Stored values are scoped to one async call chain and are cleaned up when the chain is complete. Use app settings or YouTrack entities for long-lived data.

ctx.store(key, value)

Saves a value for later async execution.

Parameter

Description

key

A string identifier for the stored value.

value

A primitive value, null, or a reference to a YouTrack entity.

ctx.load(key)

Returns a value saved with ctx.store(). Entity references are resolved back to entity objects.

Parameter

Description

key

A string identifier for the stored value to load.

Call External Services after Transaction Completion

The @jetbrains/youtrack-scripting-api/http module provides async variants of HTTP request methods: doAsync, getAsync, postAsync, putAsync, patchAsync, and deleteAsync.

These methods schedule the outgoing HTTP request after the current transaction is complete. Pass the name of an async function as the last argument. When YouTrack receives the response, it invokes that function and exposes the external response as ctx.response.

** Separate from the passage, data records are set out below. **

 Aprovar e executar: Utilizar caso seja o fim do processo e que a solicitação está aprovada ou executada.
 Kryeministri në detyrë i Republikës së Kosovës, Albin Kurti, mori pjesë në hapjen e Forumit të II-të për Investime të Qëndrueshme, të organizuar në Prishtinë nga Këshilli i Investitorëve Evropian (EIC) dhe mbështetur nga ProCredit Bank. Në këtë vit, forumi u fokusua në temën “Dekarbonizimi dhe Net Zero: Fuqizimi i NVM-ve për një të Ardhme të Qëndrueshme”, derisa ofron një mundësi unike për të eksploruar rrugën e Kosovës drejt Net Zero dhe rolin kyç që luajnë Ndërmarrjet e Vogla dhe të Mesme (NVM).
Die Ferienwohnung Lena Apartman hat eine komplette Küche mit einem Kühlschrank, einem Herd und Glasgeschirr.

Async HTTP methods don't return the response to the function that calls them and don't support delayed execution. Put the response logic in the named async function.

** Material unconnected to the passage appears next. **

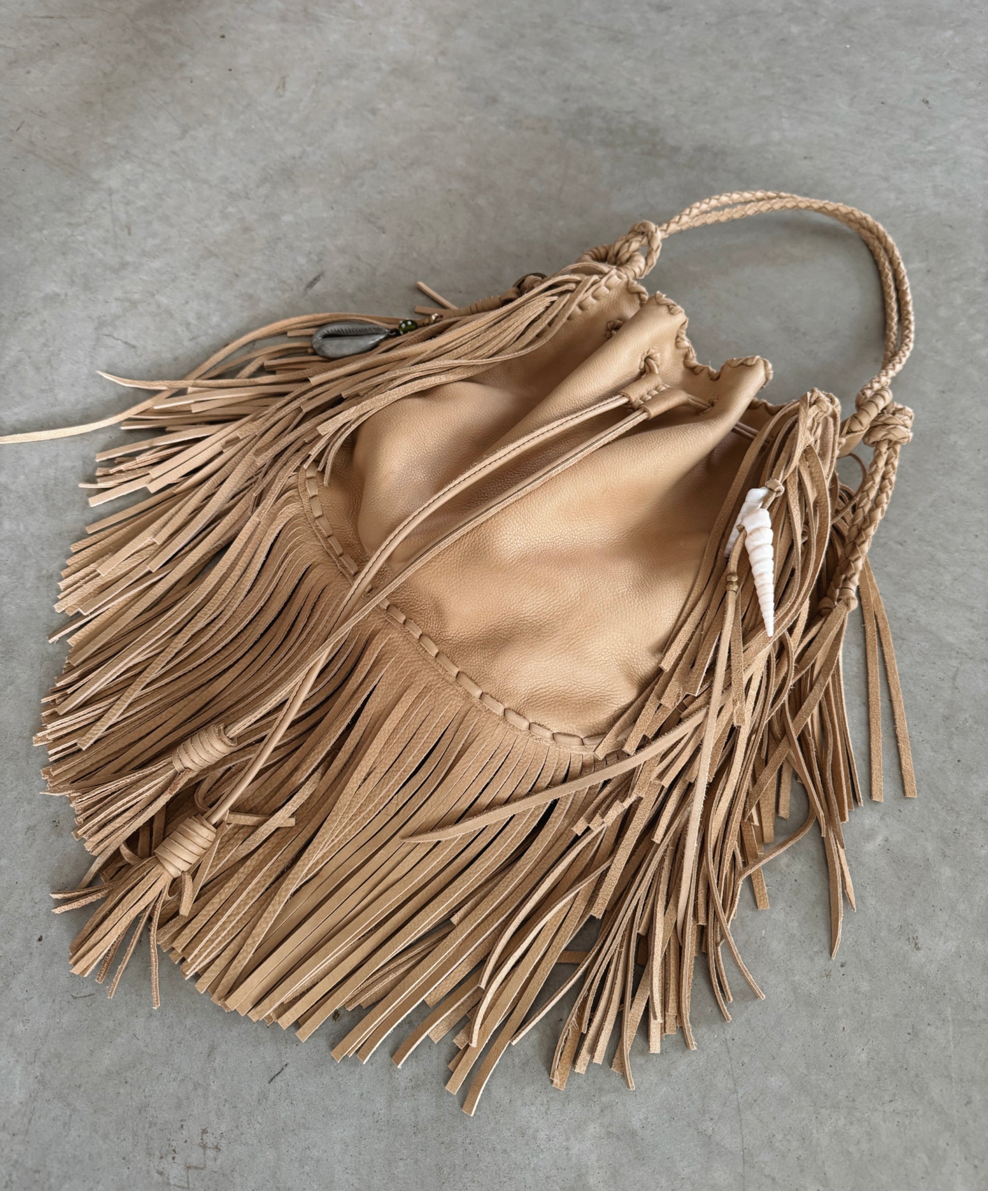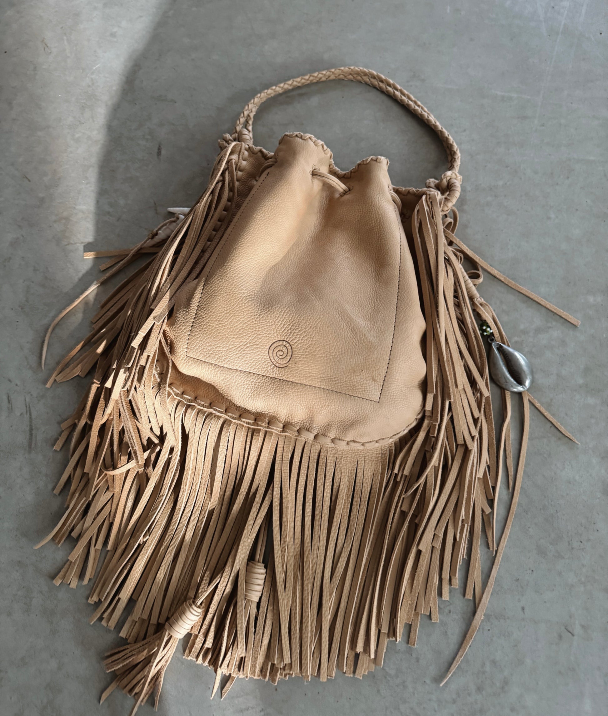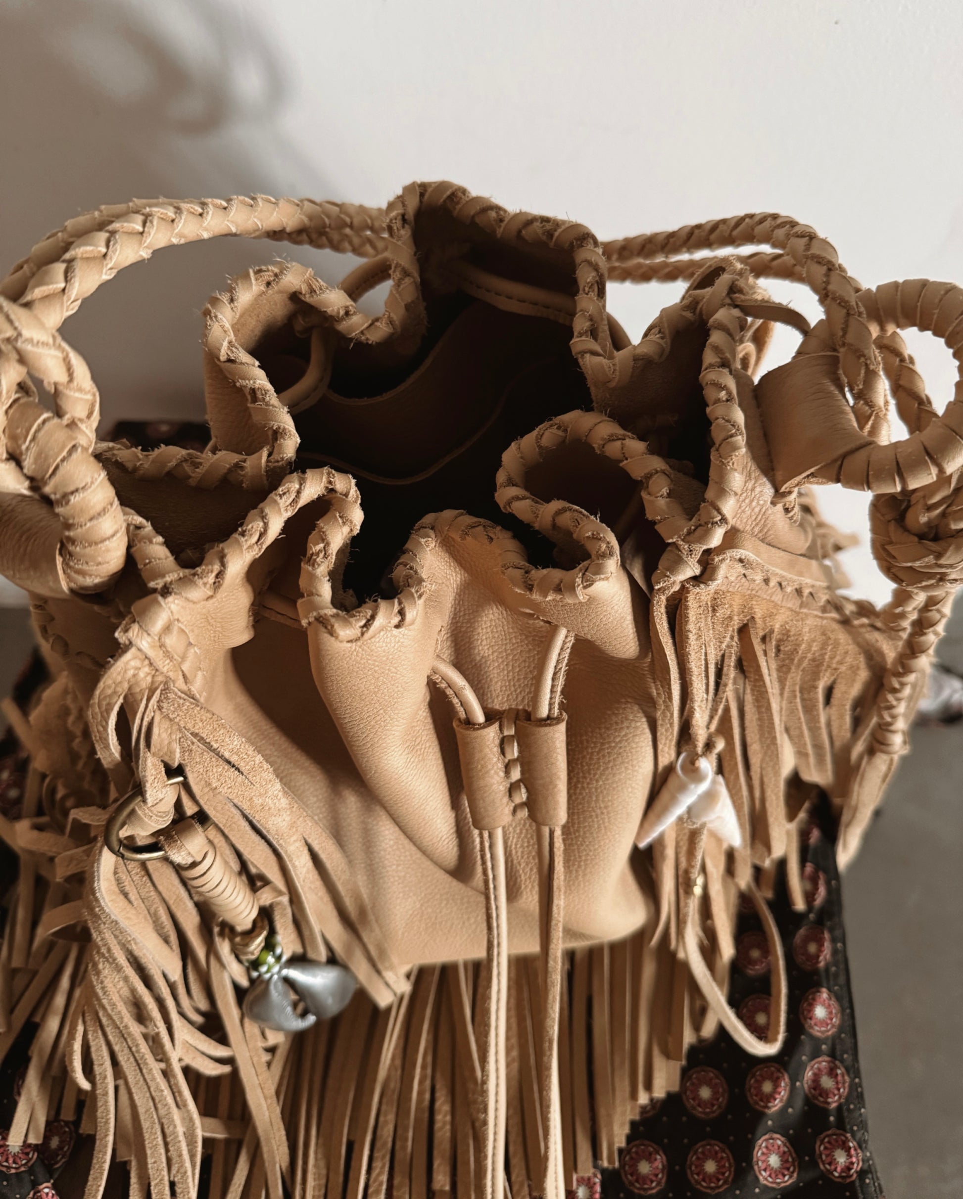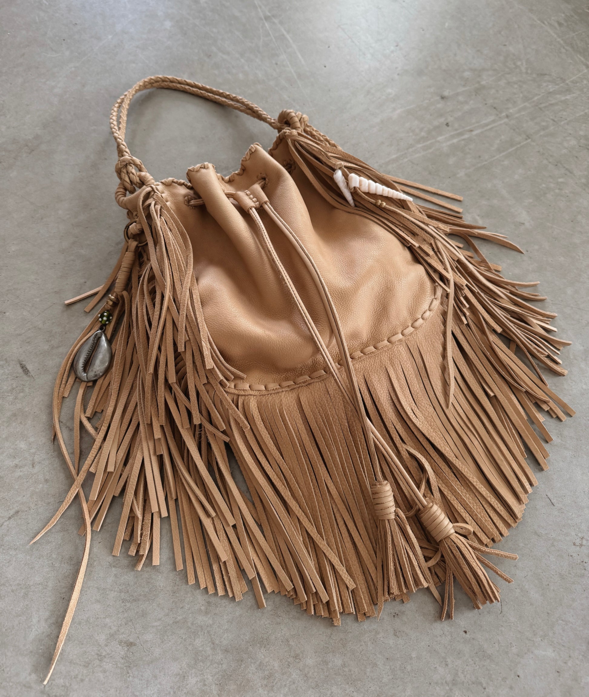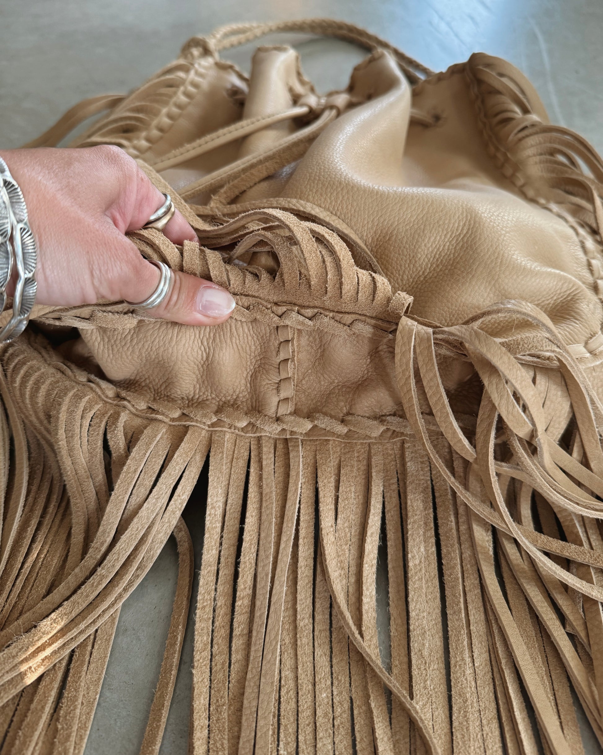 This bag is big!! It’s a tote actually! Lots of room! All hand laced and double the fringe. The bag is laced front to back and laced gusset. The fringe flows from top to bottom, along the entire shape of the bag, front and back. Two pockets on the inside and a drawstring closure outside. Carried by a round braided strap. It’s a short shoulder strap but can be lengthened! Leather wrapped rings, which are sewn then laced to the bag. Fully laced edging along the top of the bag. A full 3” gusset, where a lot of the room comes from. The top of the bag is wider than the bottom to give it a cool shape when worn open or closed.

The following workflow rule sends an HTTP request and handles the response in an async function:

const entities = require('@jetbrains/youtrack-scripting-api/entities'); const http = require('@jetbrains/youtrack-scripting-api/http'); exports.rule = entities.Issue.onChange({ title: 'Notify external service after transaction completion', guard: (ctx) => ctx.issue.isChanged('State'), action: (ctx) => { const connection = new http.Connection('https://api.example.com'); connection.addHeader('Content-Type', 'application/json'); connection.postAsync( '/issue-events', null, {id: ctx.issue.id, state: ctx.issue.fields.State.name}, 'onExternalResponse' ); }, asyncFunctions: { onExternalResponse: (ctx) => { if (ctx.response.isSuccess) { ctx.issue.addComment('External service accepted the update.'); } else { console.warn('External service failed: ' + ctx.response.body); } } } });

For more details about HTTP requests in workflow rules, see Using REST API Methods in JavaScript Workflows.

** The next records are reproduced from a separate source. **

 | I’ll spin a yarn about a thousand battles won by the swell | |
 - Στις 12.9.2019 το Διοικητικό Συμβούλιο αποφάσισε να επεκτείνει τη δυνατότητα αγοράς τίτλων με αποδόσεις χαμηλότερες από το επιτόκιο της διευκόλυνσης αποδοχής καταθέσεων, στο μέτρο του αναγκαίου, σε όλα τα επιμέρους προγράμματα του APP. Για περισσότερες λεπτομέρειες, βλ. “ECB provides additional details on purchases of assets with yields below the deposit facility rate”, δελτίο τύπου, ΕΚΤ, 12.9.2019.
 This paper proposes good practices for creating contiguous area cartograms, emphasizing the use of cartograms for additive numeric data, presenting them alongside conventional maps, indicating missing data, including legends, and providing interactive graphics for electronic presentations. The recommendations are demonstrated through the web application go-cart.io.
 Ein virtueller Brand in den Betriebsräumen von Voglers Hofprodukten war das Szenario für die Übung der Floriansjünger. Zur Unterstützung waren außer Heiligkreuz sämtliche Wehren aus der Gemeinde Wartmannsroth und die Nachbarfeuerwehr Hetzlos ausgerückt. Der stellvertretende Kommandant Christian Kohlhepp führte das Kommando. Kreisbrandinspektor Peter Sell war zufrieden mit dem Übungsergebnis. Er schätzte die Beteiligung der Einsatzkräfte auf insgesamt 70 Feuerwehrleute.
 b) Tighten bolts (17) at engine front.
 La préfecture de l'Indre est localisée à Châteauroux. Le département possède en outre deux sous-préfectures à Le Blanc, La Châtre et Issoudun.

Execution Behavior and Limits

Use these behavior details when you decide how to split work between the scheduling function and async functions.

Aspect

Details

Transaction timing

A scheduled async function starts only after the transaction that scheduled it finishes successfully.

User

Async functions run as the same user who scheduled the async work.

Transaction scope

Each async function runs in a new transaction.

Scheduling per execution

Each function execution can schedule one async function or one async HTTP call.

Delay

The maximum delay for a scheduled async function is 7 days.

Chain length

Async functions can schedule another async function or async HTTP call to create a chain of follow-up work. The default maximum chain length is 10 async executions.

Error handling

If an async function throws an error, YouTrack stops the remaining chain for that invocation.

Cleanup

Async execution contexts that remain stale for more than two days are cleaned up automatically.